Data items:
* * * * * * *

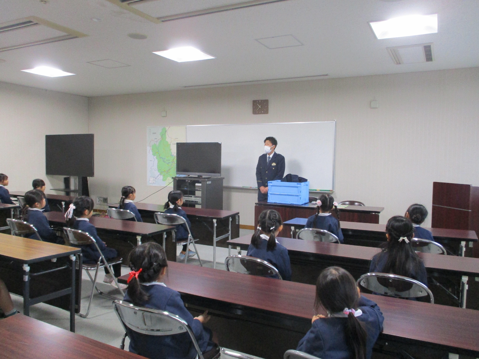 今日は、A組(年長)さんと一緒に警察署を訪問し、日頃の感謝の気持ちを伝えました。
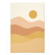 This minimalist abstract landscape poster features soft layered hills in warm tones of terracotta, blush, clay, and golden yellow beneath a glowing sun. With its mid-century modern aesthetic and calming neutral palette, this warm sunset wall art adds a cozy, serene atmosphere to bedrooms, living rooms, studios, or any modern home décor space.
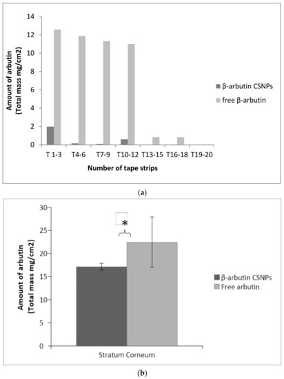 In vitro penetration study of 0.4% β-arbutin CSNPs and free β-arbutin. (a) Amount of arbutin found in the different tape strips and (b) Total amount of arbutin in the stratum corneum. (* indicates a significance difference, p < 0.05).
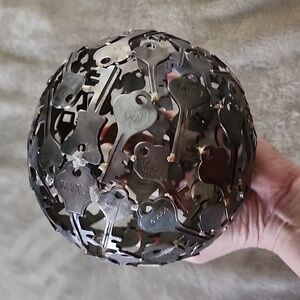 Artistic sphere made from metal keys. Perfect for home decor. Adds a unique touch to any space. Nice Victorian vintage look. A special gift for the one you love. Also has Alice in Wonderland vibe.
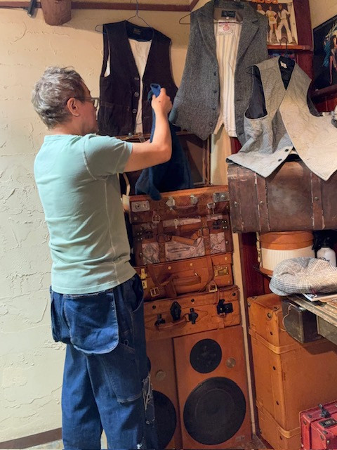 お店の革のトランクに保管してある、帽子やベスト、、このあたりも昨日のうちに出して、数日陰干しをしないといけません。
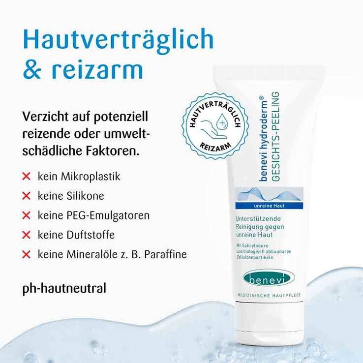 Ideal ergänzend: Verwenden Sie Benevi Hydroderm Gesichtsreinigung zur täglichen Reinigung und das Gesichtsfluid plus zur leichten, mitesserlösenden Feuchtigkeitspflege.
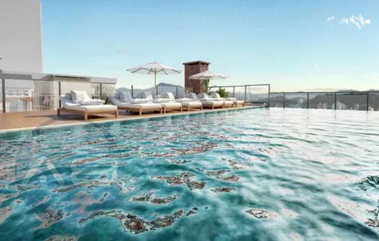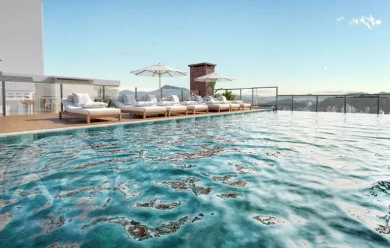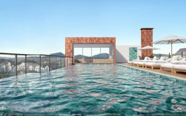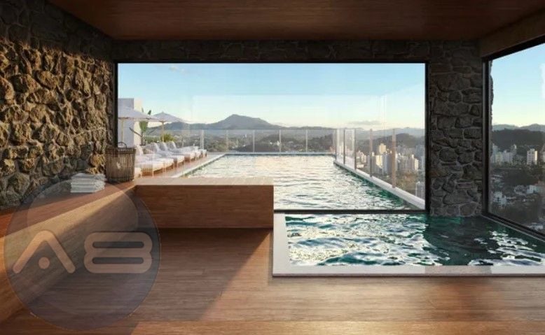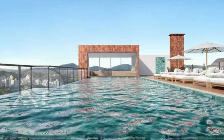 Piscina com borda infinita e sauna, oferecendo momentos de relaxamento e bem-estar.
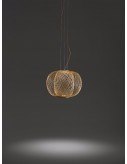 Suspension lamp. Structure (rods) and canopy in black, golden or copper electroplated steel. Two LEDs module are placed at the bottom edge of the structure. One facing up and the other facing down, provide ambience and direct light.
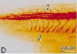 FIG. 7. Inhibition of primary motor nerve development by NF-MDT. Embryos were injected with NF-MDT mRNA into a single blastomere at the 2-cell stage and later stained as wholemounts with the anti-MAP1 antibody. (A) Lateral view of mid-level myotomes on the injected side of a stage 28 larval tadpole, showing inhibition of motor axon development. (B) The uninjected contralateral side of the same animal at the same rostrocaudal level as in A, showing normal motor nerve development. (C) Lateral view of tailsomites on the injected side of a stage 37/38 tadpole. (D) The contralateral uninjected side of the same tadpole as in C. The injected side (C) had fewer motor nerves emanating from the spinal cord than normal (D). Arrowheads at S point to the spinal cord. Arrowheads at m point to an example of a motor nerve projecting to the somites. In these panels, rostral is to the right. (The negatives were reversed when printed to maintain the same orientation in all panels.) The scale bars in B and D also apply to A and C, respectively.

* * * * * * *

== Brief ==
The exact lines from the beginning of the data through the one that contains "Suspension lamp. Structure" must be given again, both ends included, and pictures must be left out.

== Solution to the exercise ==
 今日は、A組(年長)さんと一緒に警察署を訪問し、日頃の感謝の気持ちを伝えました。
 This minimalist abstract landscape poster features soft layered hills in warm tones of terracotta, blush, clay, and golden yellow beneath a glowing sun. With its mid-century modern aesthetic and calming neutral palette, this warm sunset wall art adds a cozy, serene atmosphere to bedrooms, living rooms, studios, or any modern home décor space.
 In vitro penetration study of 0.4% β-arbutin CSNPs and free β-arbutin. (a) Amount of arbutin found in the different tape strips and (b) Total amount of arbutin in the stratum corneum. (* indicates a significance difference, p < 0.05).
 Artistic sphere made from metal keys. Perfect for home decor. Adds a unique touch to any space. Nice Victorian vintage look. A special gift for the one you love. Also has Alice in Wonderland vibe.
 お店の革のトランクに保管してある、帽子やベスト、、このあたりも昨日のうちに出して、数日陰干しをしないといけません。
 Ideal ergänzend: Verwenden Sie Benevi Hydroderm Gesichtsreinigung zur täglichen Reinigung und das Gesichtsfluid plus zur leichten, mitesserlösenden Feuchtigkeitspflege.
 Piscina com borda infinita e sauna, oferecendo momentos de relaxamento e bem-estar.
 Suspension lamp. Structure (rods) and canopy in black, golden or copper electroplated steel. Two LEDs module are placed at the bottom edge of the structure. One facing up and the other facing down, provide ambience and direct light.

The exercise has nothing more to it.